Быт в его обыденных проявлениях подмечен всевидящим глазом художника и закреплен на картине. Художник знает о жизни города решительно все. Он знает тишину и полумрак церкви и назойливо шумную толпу нищих перед входом в нее. Вот они обступают людей, выходящих после службы, обнажают свои язвы, показывают свои уродства, взывают о помощи. Он слышит гомон голосов и нестройную музыку перед входом в трактир, где раскинули дырявый шатер бродячие комедианты. Чад жаровен, дымное пламя факелов, свет которых днем кажется слабым, мерцающие огоньки свечей - ничто не проходит мимо его внимания.

Если "Нидерландские пословицы" были своего рода иллюстрированным сводом народной иронии и мудрости, если "Детские игры" были сводом игр и забав, то "Битва Масленицы и Поста" - целая энциклопедия городской жизни XVI века. Брейгель снова расходует на одну работу такой запас наблюдений, которого другому художнику хватило бы на целый цикл картин.

Но кто герой, или, лучше сказать, кто главное действующее лицо картины?

Герой этой картины - жизнь в непоказном, непарадном, даже не в слишком праздничном, а деятельном и повседневном обличье. Карнавал и пост, веселье и покаяние, детские игры и похороны, радость и беда - не прерывают и не изменяют ее, а лишь вливаются в ее бесконечный поток. Жизнь на картине сгущена, и потому точные, даже дотошные подробности, подмеченные художником, вплоть до объявлений, расклеенных перед входом в церковь, не кажутся ни лишними, ни мелочными.

Неутомимый и всеобъемлющий, ни перед чем не останавливающийся, ничего не страшащийся интерес к людям, к их жизни, взятой такой, как она есть, к жизни в лохмотьях и к жизни в нарядах, с коротким отдыхом и постоянной работой - к жизни, в которой источник надежды художника.
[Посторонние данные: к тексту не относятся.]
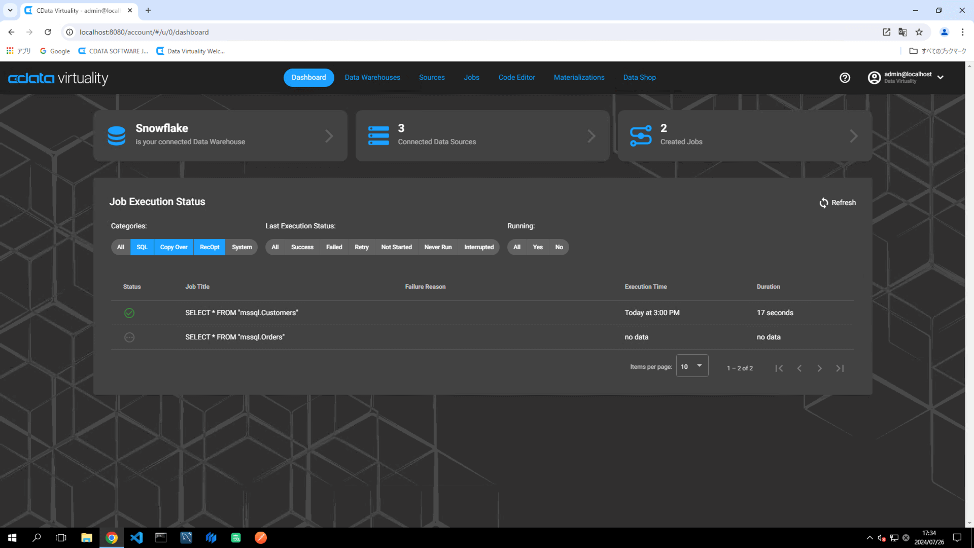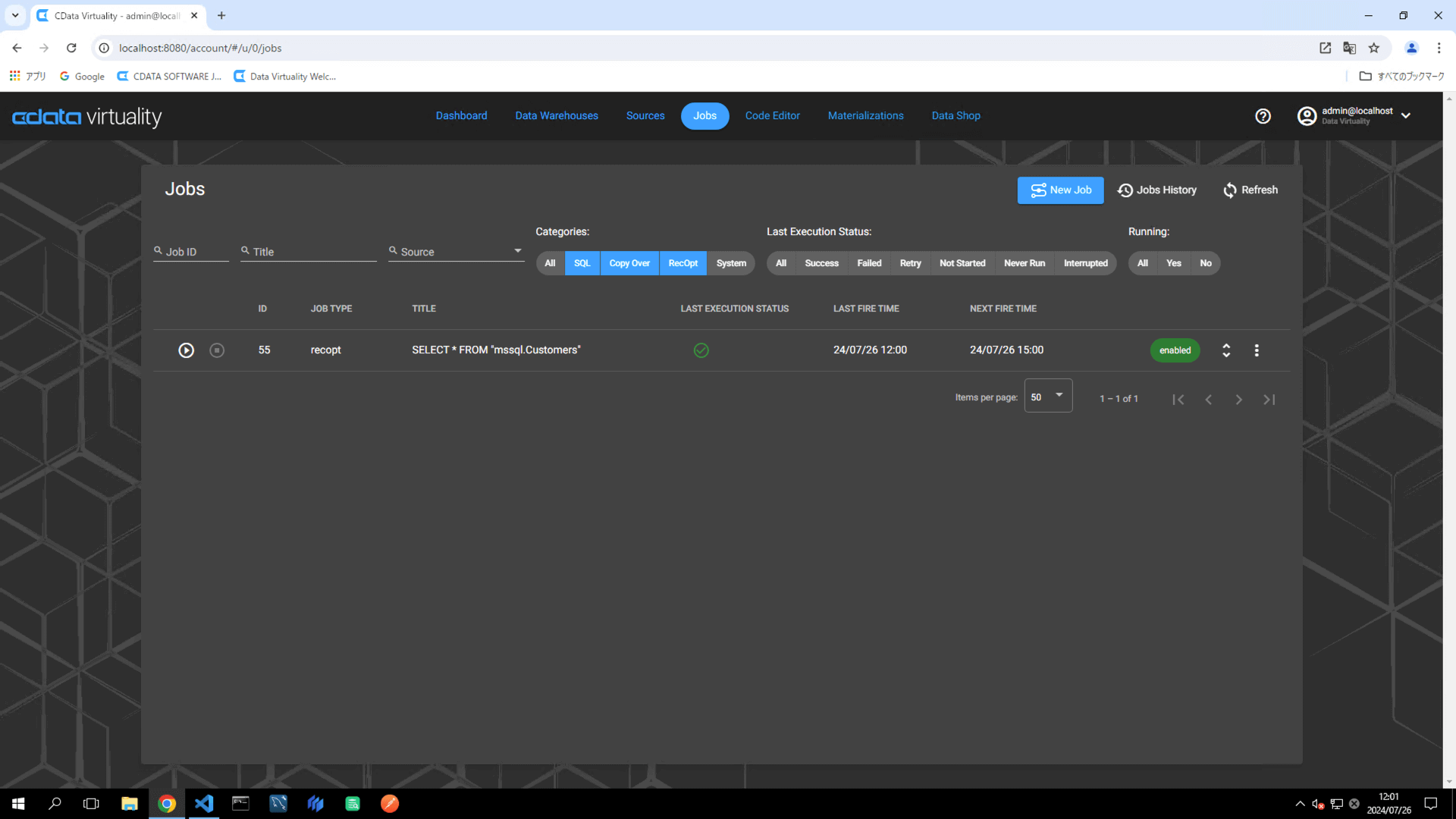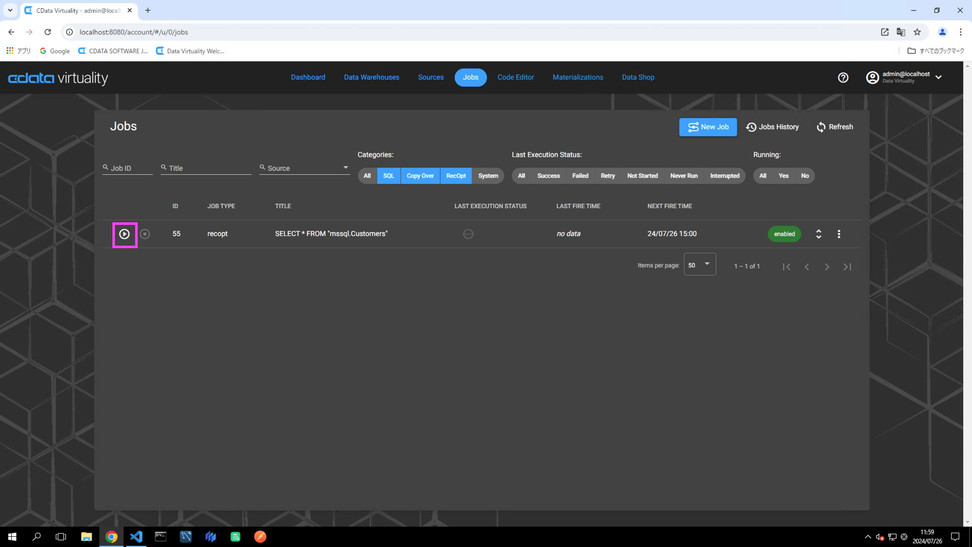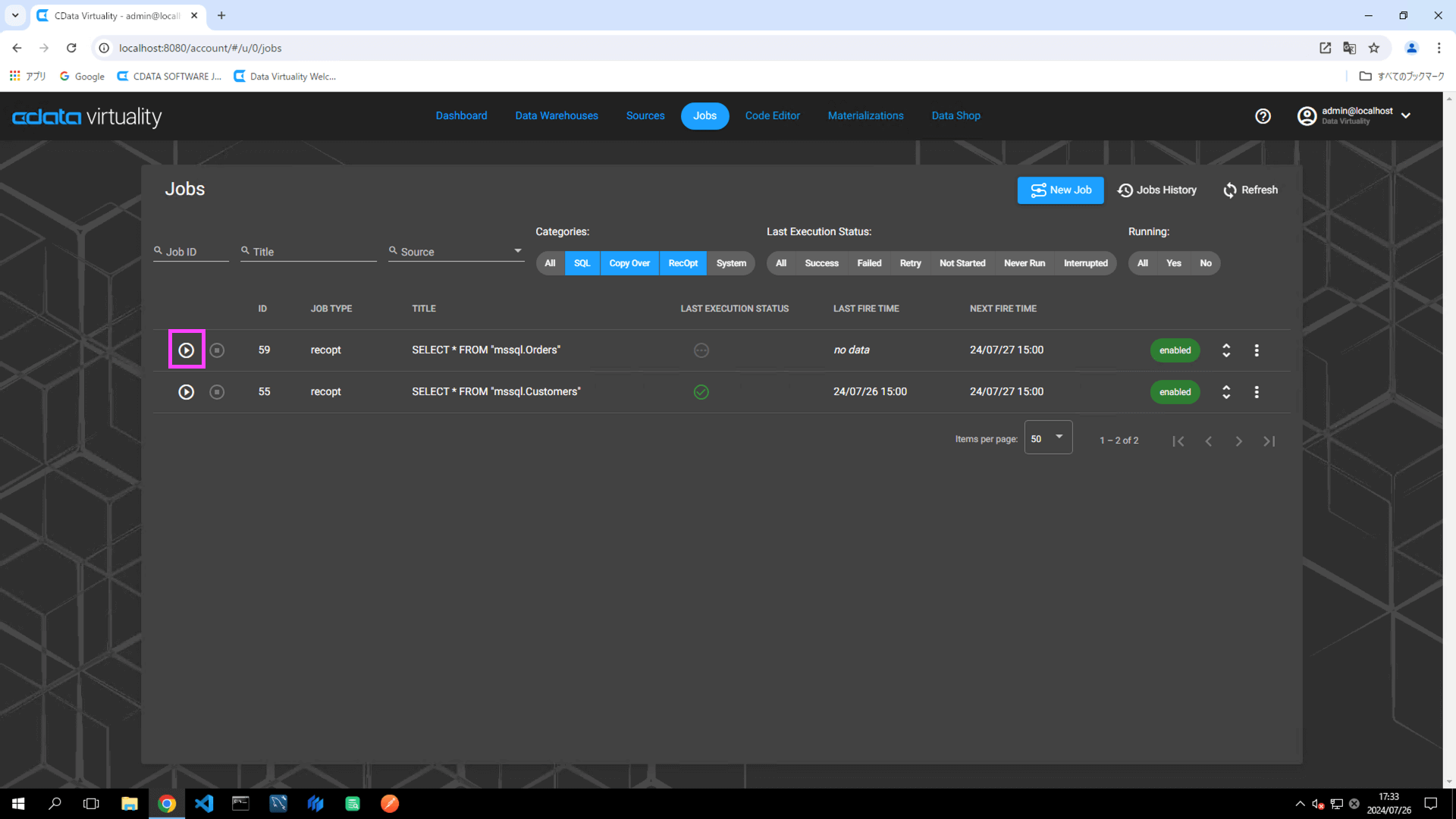 Return to the CData Virtuality Web UI, open the Jobs screen, locate the created job, and click the Run Job Now icon to manually execute the job:

Жизнь здесь не бессмысленна, как в перевернутом мире "Нидерландских пословиц". Она не приукрашена и не принижена. Художник не испытывает перед ней ни умиления, ни страха. Ничего подобного не было прежде ни в его собственном творчестве, ни в творчестве его современников. Такой широты в изображении действительности, такой бесстрашной трезвости в подходе к ней искусство еще не знало.

Вслед за "Битвой Масленицы с Великим Постом" Брейгель создал несколько работ, в которых отразилось смятение, вновь овладевшее им, еще более сильное, чем в годы работы над циклом "Смертных грехов". У смятения этого были реальные причины.

XVIII

В Антверпене у Брейгеля был друг - Ганс Франкерт, купец, уроженец Нюрнберга, уже давно переселившийся в Нидерланды. Иногда высказывается предположение, что он покинул Германию из-за религиозных преследований. Во всяком случае, он не собирался возвращаться на родину, даже фамилию свою стал писать не на немецкий лад, а так, как это было принято в Нидерландах. В Антверпене он вступил в ту камеру риторов, в которую входили многие живописцы. Видимо, их интересы и занятия были близки ему. От ван Мандера мы узнаем, что Франкерт каждый день приходил к Брейгелю в мастерскую и что Брейгель не только дружил с ним, но и работал для него.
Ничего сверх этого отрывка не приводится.